I have read your post and fully understand what you are saying. Once I accept a ping it is carried out as per uber's guidelines, but only after I confirm it is a money maker. In order to dance around ubers acceptance policy we have to do what we have to do. Now I have to get back to cherry picking my rides. No more kool-aid references but do tell what color are your uber pomp pomps??? Have a nice day.


----------



## nuggetnut (Sep 28, 2015)

I will put a good word in for you as poster child for uber guidelines, that is if they will take a call from a GED recipient. I'm guessing your doctorate qualifies you to be a model driver.. opps.. got to go cancel a few pings... no surge.. ps... don't tell uber.


----------



## Greguzzi (Jan 9, 2016)

Indépendant contractors are entitled to know the details of the contract before they agree to take on the work. The destination is a necessary detail for the contractor. Uber chooses to actively hide this detail from us, so we have to call the passenger to get it.


----------



## mark edwards (Sep 11, 2015)

nuggetnut said:


> I will put a good word in for you as poster child for uber guidelines, that is if they will take a call from a GED recipient. I'm guessing your doctorate qualifies you to be a model driver.. opps.. got to go cancel a few pings... no surge.. ps... don't tell uber.

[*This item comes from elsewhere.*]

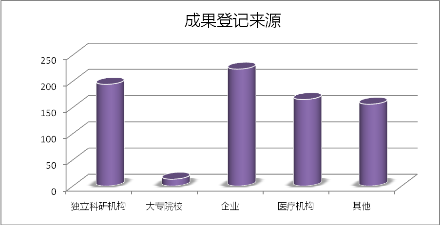 成果登記來源有獨立科研機構(gòu)、大專院校、企業(yè)、醫(yī)療機構(gòu)和其他行業(yè),其中,獨立科研機構(gòu)194項,占總量的25.8%;大專院校13項,占總量的1.7%;企業(yè)223項,占總量的29.7%;醫(yī)療機構(gòu)165項,占總量的22.0%;其他156項,占總量的20.8%。

Uberlou is clearly an Uber plant/employee/shill. Lou do you think Uber should live up to its contract, treat drivers fairly, follow labor law, and not be so deceitful? Of course you don't


----------



## mark edwards (Sep 11, 2015)

UberLou said:


> Pomp Pomps LOL that has been done too my friend. Cherry Picking is against Uber's guidelines, calling and asking destination is against Ubers guidelines. Go ahead and email them and as them if that is okay to do.
> 
> I don't know why I am going back in forth with someone that clearly is living life on what a GED has provided them. Have a good day.


Right lou, email them and ask!??! Has anyone ever gotten a straight or honest answer, or one that was even relevant to what was asked , from Uber? They often contradict themselves. Yes Lou has totally drowned in the Uber Kool-Aid.


----------



## UberLou (May 5, 2015)

mark edwards said:


> Uberlou is clearly an Uber plant/employee/shill. Lou do you think Uber should live up to its contract, treat drivers fairly, follow labor law, and not be so deceitful? Of course you don't


Did you actually use your real name for a site like this? And you question me? Move along.


----------



## CIncinnatiDriver (Dec 17, 2015)

Sorry Lou, when I get a ping, it's a lead.

When I'm told the terms (ie the destination), it's a proposal.

IF I agree, it's a contract.

(Agreement can be verbal or non-verbal. I.e. 'ok I'll drive you', or I simply start driving with them in the car).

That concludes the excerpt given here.